Iluna Ertz, Urlauberin

"Anstecken kann man sich doch auch in Deutschland. Die Hysterie kann ich nicht verstehen", sagt auch Iluna Ertz aus Wittlich in Rheinland-Pfalz. Die 40-Jährige sitzt mit ihrem Mann, ihren beiden Teenagertöchtern und ihrem Reisegepäck an einem Tisch der Terrasse des Strandkiosks.

Sie kommen gerade von einer Kreuzfahrt zurück, steigen noch am selben Tag in den Flieger nach Deutschland. Die wenigen Stunden auf der Insel verbringen sie bewusst am Ballermann. "Wir wollten den Kindern mal zeigen, wie das wirklich ist", sagt Ehemann Helmut Ertz (42).

Ein bisschen gezittert wird dann aber doch. In der Arztpraxis Salus, umgeben von Hotels, Restaurants und Bars, sind die Anfragen besorgter Urlauber merklich gestiegen. "Es kommen 20 Prozent mehr Leute als sonst", schätzt Brigitte Bremert-Heller, die am Empfang sitzt.
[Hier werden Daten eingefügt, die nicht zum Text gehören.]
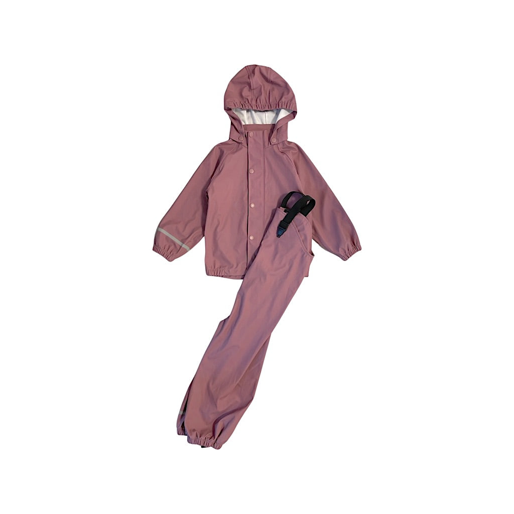 Apraksts: "Name it" firmas divdaļīgs lietus kombinezons. Jaka atdarināma ar rāvējslēdzēju un spiedpogām. Bikses uz lencītēm.
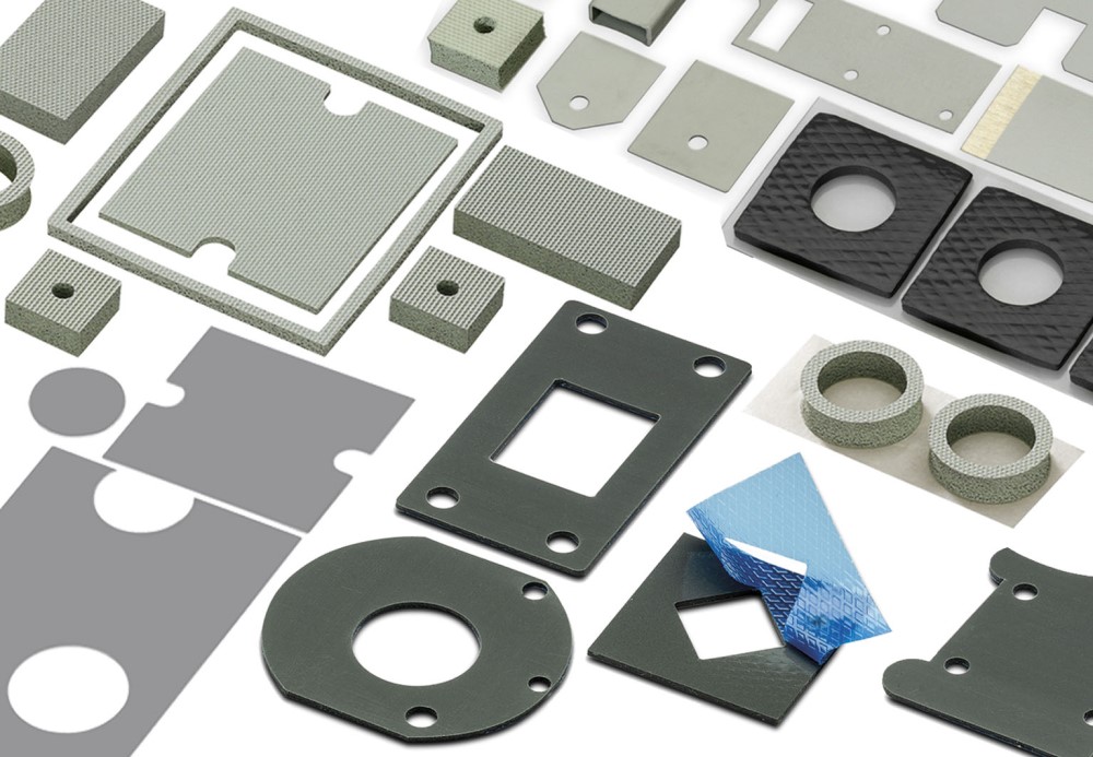 Including Silicon rubber insulating material for semiconductors, Thermally conductive foil manufactured from siliconelastomer, Silicone-free thermal conductive foils, High thermoconducting graphite foils, Thermal conductive foil one sided adhesive, Heat conductive foam foils, Kapton insulator washers, Mica wafers, Aluminium oxide wafers, Thermal conductive paste and thermal interface film, Fixing material for mechanical components, Mounting material for single semiconductors and Heatsinks.
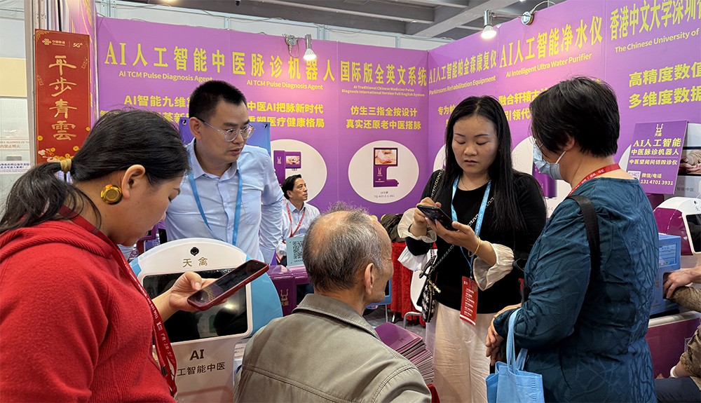 展会现场,天禽医疗科技展区化身"中医科技体验馆":观众把双手放在AI人工智能中医脉诊机器人后,大屏幕实时显示脉象波形与AI分析结果;手机扫码即可获取包含患者面像、舌像、脉搏波、问诊信息的综合健康档案。
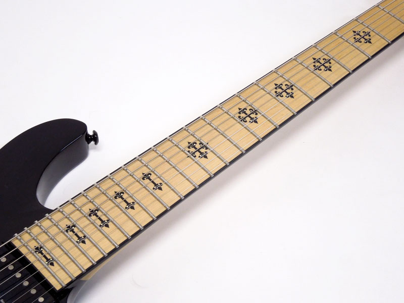 指板のメタルクロスインレイ、メタルのトラスロッドカバーなど特徴的な意匠が含まれます。
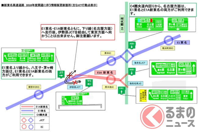 しかし、最近では海老名南JCTから圏央道(八王子、茅ヶ崎方面)に通行する交通量も増加しており、場合によっては伊勢原JCTに入る従来に巻き込まれる可能性もあり、かえって時間が掛かることもあるようです。
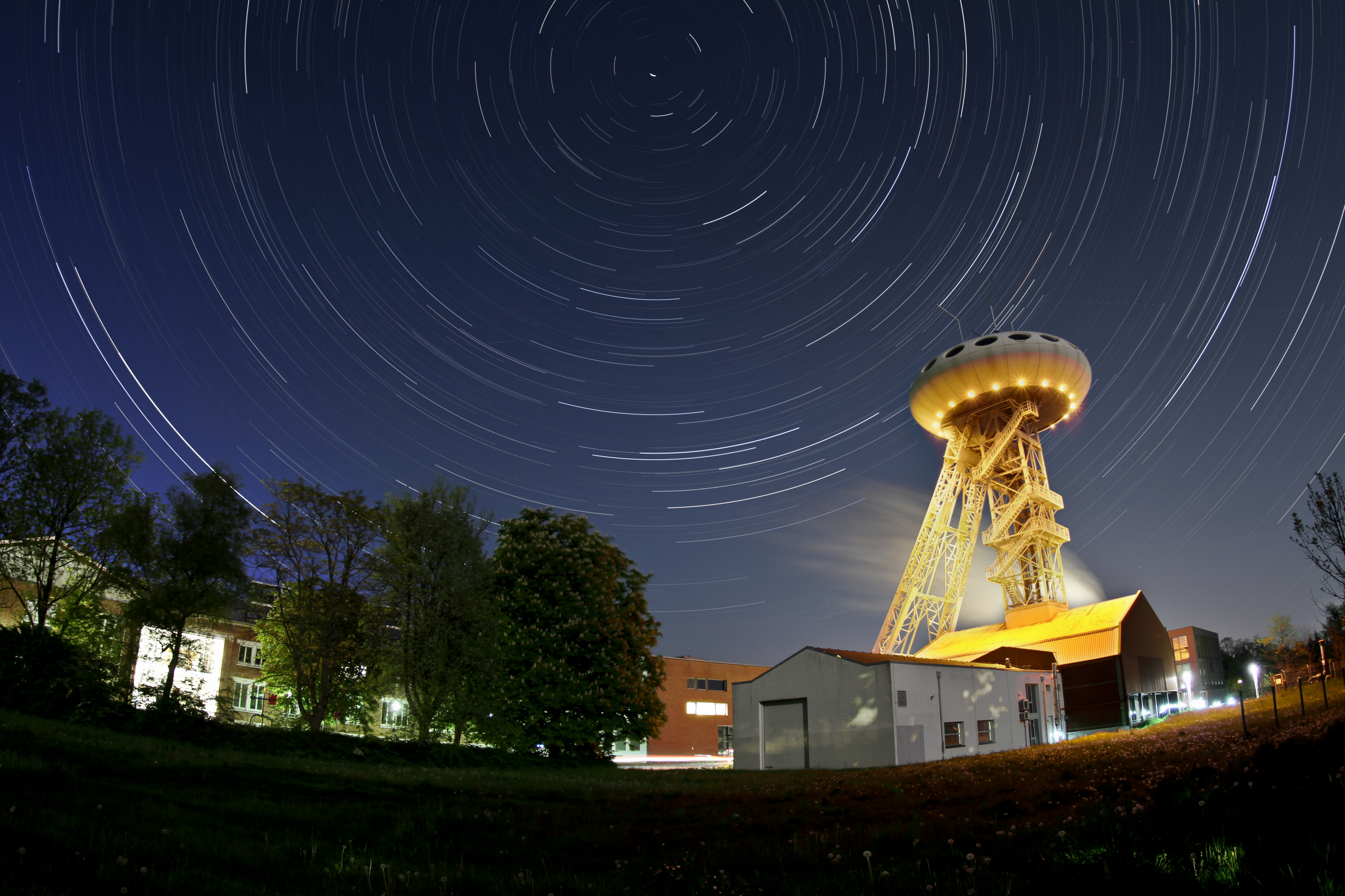 Stark vom Licht verschmutzt zeigt sich unser Ruhrpott. Ich dachte, da kann das Licht vom Vollmond nicht mehr viel schaden. Das UFO ist gelandet. Auf einem alten Förderturm der Schachtanlage Minister Achenbach in Lünen-Bambauer. 22 Jahre steht es dort schon … Schon lange hegte ich den Wunsch, diese Szenerie mit Startrails aufzunehmen. In der Nacht vom 10. auf den 11. Mai war es dann so weit. Vor Ort war ich dann etwas ernüchtert. Nach Einbruch der Dunkelheit zeigten sich visuell nur ein paar Sterne. Ich musste Gewissheit haben, ob etwas geht und legte los. 397 Einzelaufnahmen mit und ohne Beleuchtung des Colani-Eis kamen zusammen. Alle Aufnahmen wurden 20 Sekunden lang belichtet, bei ISO 100.

Dabei sind Symptome wie Hals-, Kopf- und Ohrenschmerzen nichts Neues in der Praxis, die sich im Sommer vorrangig um kranke deutsche Touristen kümmert. "Jetzt sind alle schon beim Hereinkommen überzeugt, dass sie die Schweinegrippe haben. Aber ernst nehmen muss man das natürlich trotzdem", sagt Bremert-Heller.